Monday, November 15, 2010

TBI and Hidden Vision Problems

Full Article at: Some Veterans Return With 'Hidden' Vision Problems

by Amy Standen, National Public Radio
November 11, 2010

Staff Sgt. Jay Wilkerson says, looking back, he thinks he knows what mistake his convoy of Humvees made more than four years ago: They were heading from Habbaniyah, Iraq, back to Baghdad -- but they were moving along the same route they'd come in on. Insurgents knew exactly where to plant a powerful roadside bomb. Wilkerson's Humvee took the hit.

"I remember everything just went black," he says. "I was talking, and then all of a sudden, I heard the vehicle exploding. And I heard the people in the truck screaming at the same time."

Wilkerson was in a coma for 12 days. He had severed two fingers, and the left side of his face was blown open. He couldn't walk for months. Given the extent of his injuries, it's easy to see why doctors -- and even Wilkerson himself -- failed to realize that something else was wrong. It had to do with the way Jay Wilkerson sees.

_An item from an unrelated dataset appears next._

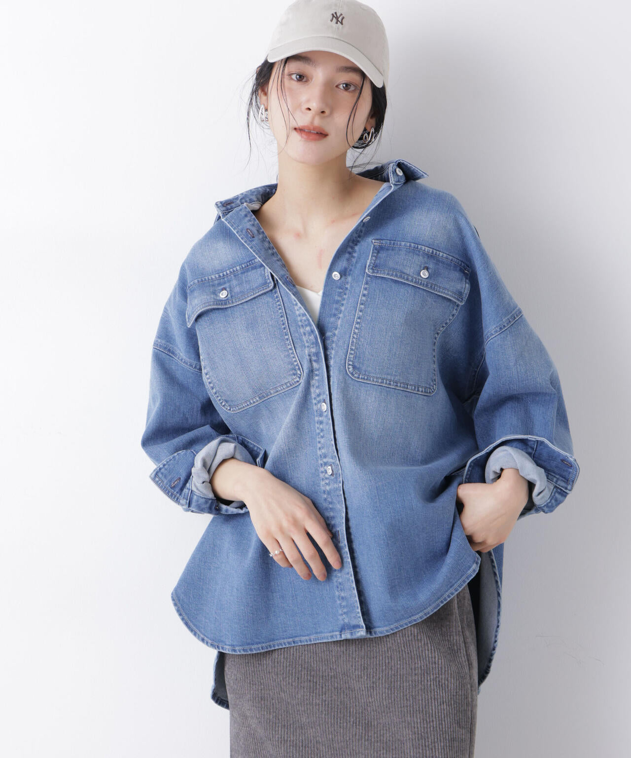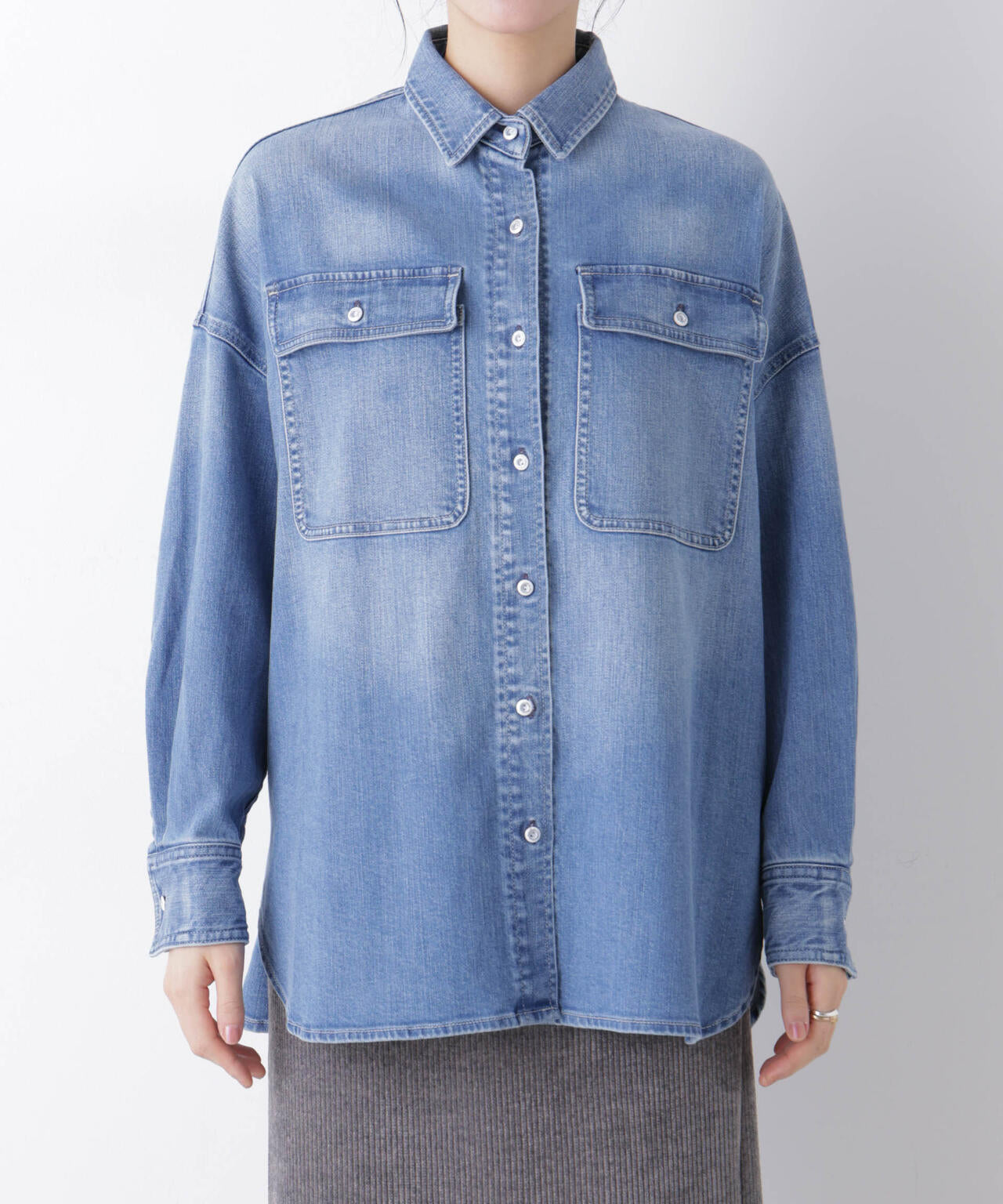 デニムブランド「ヘルシーデニム」で定番人気の「Almond」をベースに別注したデニムシャツ。着丈を短く調整し、今っぽく着回しやすいバランスに仕上げました。フロントを開けて端境期の軽アウターとしても着回せるので、幅広い着こなしが叶うアイテムです。

To demonstrate, Wilkerson holds up his left hand, as if he were taking an oath in a courtroom. "If it's right here, I couldn't see it," he says. "And that's true today. If it's right here, I can't see it."

He has a hemianopsia. It's a problem not of the eyes, but of the brain. In Jay's case, his brain doesn't recognize signals from either of his eyes' left visual fields.

Undetected By Routine Tests

"Often people don't realize they have the problem," says Greg Goodrich, a vision researcher at the VA Medical Center in Palo Alto.

In 2003, Goodrich and another doctor started noticing something surprising in the young vets they were treating. According to their charts, these men and women could see just fine. Goodrich says many of them had full 20/20 vision. And yet, he says, "they had this huge hemianopsia. Half their visual world was gone. And the most common visual tests used didn't catch it."

Glenn Cockerham, chief of ophthalmology at the VA Palo Alto, says he and others took to calling these "occult" injuries, because of the way they seemed to escape detection."